Nei giorni più chiari si possono scorgere l’isola d’Elba, la Capraia e la Corsica.
La Fortezza Medicea, voluta da Lorenzo il Magnifico per tenere a bada Volterra ormai sottomessa, fu costruita dopo la rovinosa guerra delle allumiere del 1472-75, aggiungendo alla Rocca del Duca d’Atene, più antica e denominata la Femmina, che sporge verso levante con un torrione poligonale che sembra la prora di un grande bastimento, il Maschio, la torre più imponente, al centro di un quadrilatero costituito da quattro torrioni, che serba nel suo seno l’orrore di carceri paurose, circondate da cupe leggende, per le quali le buie cripte furono spaventoso sepolcro di viventi per lunghissimi anni.

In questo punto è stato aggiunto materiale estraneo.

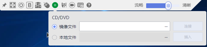 在虚拟界面工具栏中,单击虚拟光驱工具如下图所示。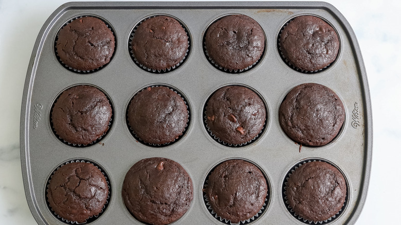 These muffins are the perfect excuse to eat chocolate cake for breakfast, but they can also be a fun snack or a dessert, and moreover, there are lots of great reasons to make these muffins right now. Since they are made mainly with pantry staples, you might be able to make these muffins without any special trips to the store for ingredients. They also take less than 40 minutes to make start to finish, which is always a positive in a recipe. So, no, these death by chocolate muffins won't make you feel like you're dying — in fact, they just might make you feel like you're in heaven instead.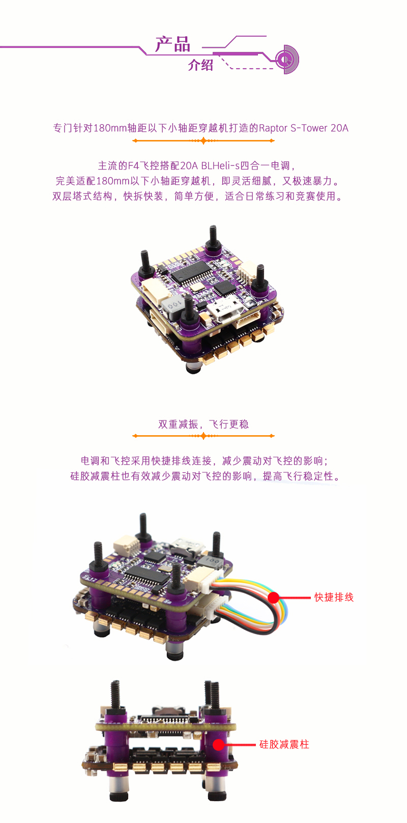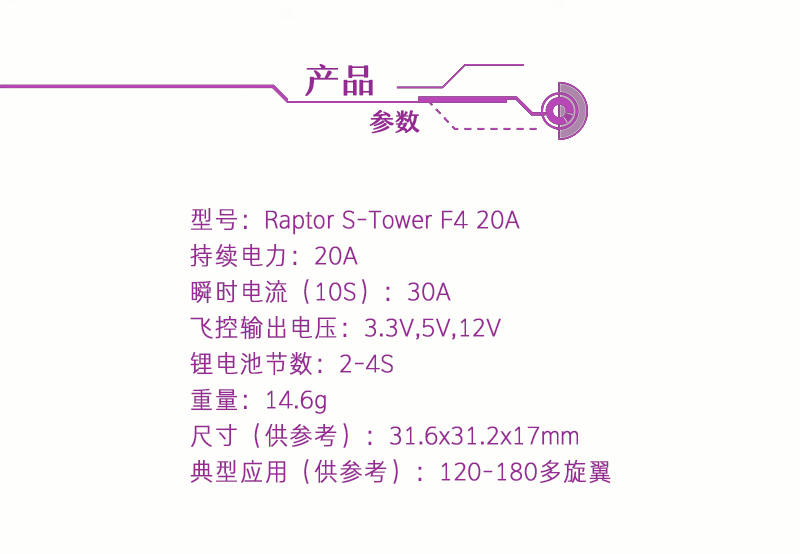 | Raptor S-Tower F4 20A | 20A | 30A | 3.3V/5V/12V | 2-4S | 14.6 | 31.6*31.2*17 |

“Allorchè il visitatore, dietro la guida di un custode che con una lanterna gli rischiarava i cupi e disagevoli pertugi, discendeva in quelle carceri, gli sembravano scavate nelle tenebre della terra. Entratovi appena, per l’oppressione del respiro sentendo il bisogno dell’aria, correva ansioso allo stretto pertugio dal quale di mezzo ad una muraglia di molte braccia di spessore, languida e scarsa luce gli veniva trasmessa; giudicava allora di essere in un vero sepolcro, ove quasi impossibile rimaneva la vita.” [A. Cinci]
Franco Giovanni Costa, che ha vissuto suo malgrado lunghi anni come ospite della fortezza, descrisse la sua amara e nello stesso tempo ricca esperienza, nel bel libro Volterra, un’isola sospesa tra cielo e terra, con accenti profondi ed una carica enorme d’umanità: “Nei piani più alti del Maschio c’erano varie celle, con finestre da cui entravano un poco d’aria e di luce, mentre sul fondo erano state ricavate tre cellette senza aria ne luce, praticamente tre loculi che rappresentavano l’anticamera della morte. Una morte lenta, in un ambiente immondo, ove l’odore nauseabondo degli escrementi si univa alla puzza della cancrena. L’umidità era tale che i vestiti dopo poco tempo marcivano e cadevano a brandelli e lo stesso Castellano della Fortezza nei messaggi ufficiali indicava il sito come il “Marcitoio”. Il freddo era tremendo e dovendo accendere il fuoco per riscaldarsi, il fumo senza sfogo rappresentava un ulteriore elemento di tortura. L’unico collegamento con i piani più alti era rappresentato da una corda che serviva per calare il cibo ed i panni agli sventurati. Mi ha fatto piacere sapere che alcuni di loro, pochi per la verità, proprio utilizzando quella corda, riuscirono a trovare una via di fuga altraverso il tetto ed a scomparire nel nulla. Ma per qualche fortunato che riuscì nell’impresa, centinaia di altri, nel corso dei secoli, fino al 22 giugno 1816, anno in cui la Fortezza diventa ufficialmente reclusorio per legge granducale, con regolamenti meno crudeli, perirono nell’orrido o impazzirono o portarono, ancorché liberati, per tutta la loro esistenza, i segni fisici dei patimenti subiti.”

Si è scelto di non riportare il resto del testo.